AVRDC (World Vegetable Center) research in Vietnam and the Philippines has documented the nutritional composition of flowers and leaves, confirming their value as micronutrient-dense foods, particularly for rural populations with limited dietary diversity.

Nitrogen Fixation & Agroforestry Role

N-fixation of 100–150 kg N/ha/year is lower than the best-performing species (S. rostrata) but is meaningful in the context of a long-lived tree system where N accumulates over multiple years. In alley cropping configurations — rows of S. grandiflora planted 4–8 m apart with annual crops in the alleys — annual pruning delivers leaf mulch containing 50–80 kg N/ha/year to the alley crop. Wageningen University alley cropping trials in West Africa (Kang et al., 1990) documented significant maize yield maintenance over 5 years in alley cropping plots compared to yield decline in no-mulch controls, attributing the benefit primarily to N inputs from tree prunings and improved soil organic matter.

S. grandiflora is the preferred shade tree for coffee and cardamom in South and Southeast Asia, both because its canopy structure provides appropriate dappled shade and because its leaf fall and pruning debris deliver fertility to the understorey crop.

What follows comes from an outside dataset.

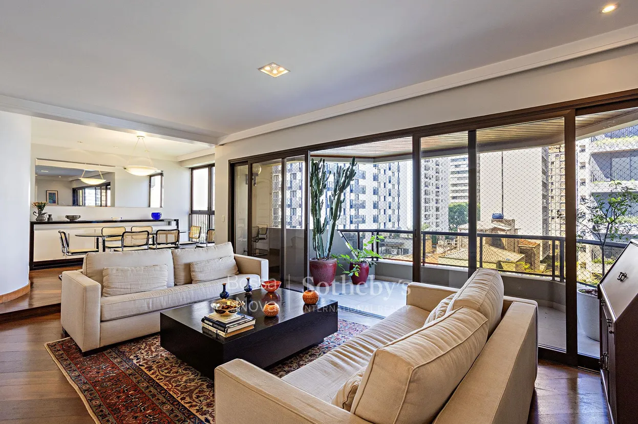 Apartamento em edifício de uma unidade por andar, situado na região do Jardim Paulista com fácil acesso às conveniências da Pamplona. O hall de entrada e o lavabo apresentam acabamento em mármore, criando uma chegada elegante à área social, que reúne um living espaçoso com varanda, sala de jantar integrada e ambiente destinado a home theater, valorizados pela luminosidade natural e pela ventilação constante. A área íntima dispõe de três suítes, sendo a principal com varanda. A cozinha conta com copa e se conecta à área de serviço, que inclui banheiro e quarto destinados ao apoio. O condomínio oferece piscina recentemente renovada, salão de festas e gerador full. O apartamento possui três vagas e depósito.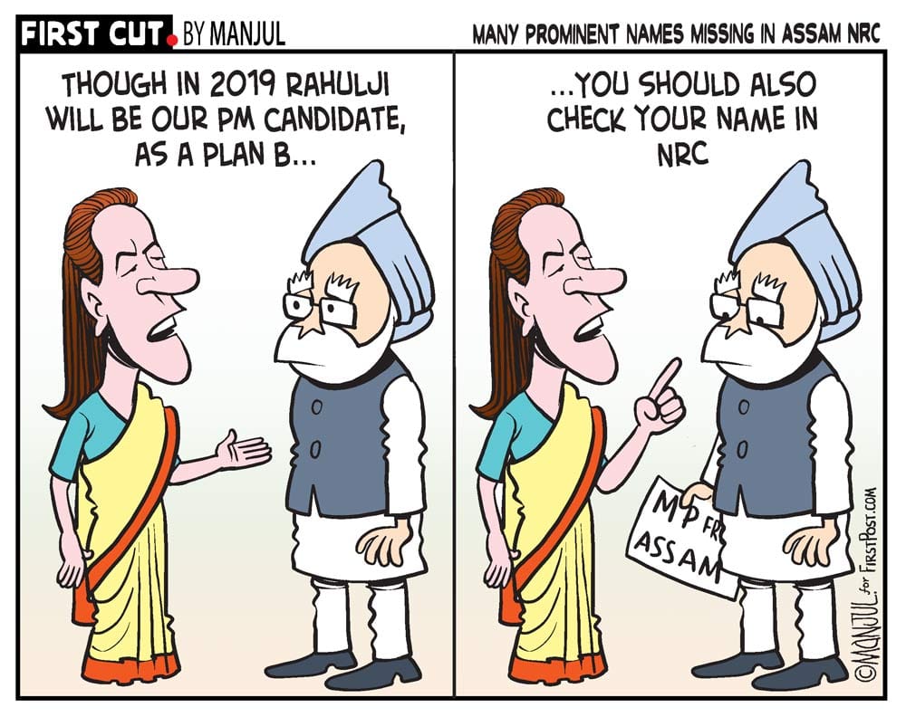 कार्टूनिस्ट मंजुल अपने कार्टून के संस्करण में एनआरसी सूची के मसौदे पर तंज करते है जिसमें 40 लाख लोगों में कुछ प्रमुख लोगों को भी बाहर कर दिया गया है । सूची में कांग्रेस और बीजेपी विधायकों सहित कई प्रमुख व्यक्तित्व हैं। पूर्व राष्ट्रपति फ़ख़रुद्दीन अली के रिश्तेदार भी सूची में शामिल नहीं हैं। कार्टून में मंजुल सुझाव देते है की पूर्व प्रधानमंत्री मनमोहन सिंह को सूची में अपना नाम देख लेना चाहिए ,जो असम से एक सांसद है।

Fodder Quality & Livestock Integration

Leaf protein content of 25–30% crude protein (dry matter basis) is the highest recorded in the genus and compares favorably to high-quality commercial protein concentrates. Leaves are rich in calcium (important for lactating animals) and contain moderate levels of tannins. At low supplementation rates (5–10% of daily dry matter intake), agathi leaves are highly palatable to cattle, goats, and sheep. At higher inclusion rates, the tannin content may reduce palatability and slightly decrease protein digestibility, suggesting it be used as a supplement rather than a sole fodder. It is widely used in smallholder integrated crop-livestock systems in South Asia and Southeast Asia, where a few trees on the farm boundary provide dry-season fodder supplements without requiring dedicated land area.

Limitations

The primary limitation is absolute temperature sensitivity — S. grandiflora is unusable outside the humid tropics. Seeds have a hard seed coat (hard-seeded dormancy) requiring scarification (nicking or filing the seed coat) or 24-hour soaking in warm water before sowing; without treatment, germination rates drop below 30%. The species also has low drought tolerance and will shed leaves and cease growth during extended dry spells, limiting its use in seasonal dry areas without irrigation access. It is not suited to waterlogged or poorly-drained soils, limiting its paddy integration potential compared to S. rostrata or S. bispinosa.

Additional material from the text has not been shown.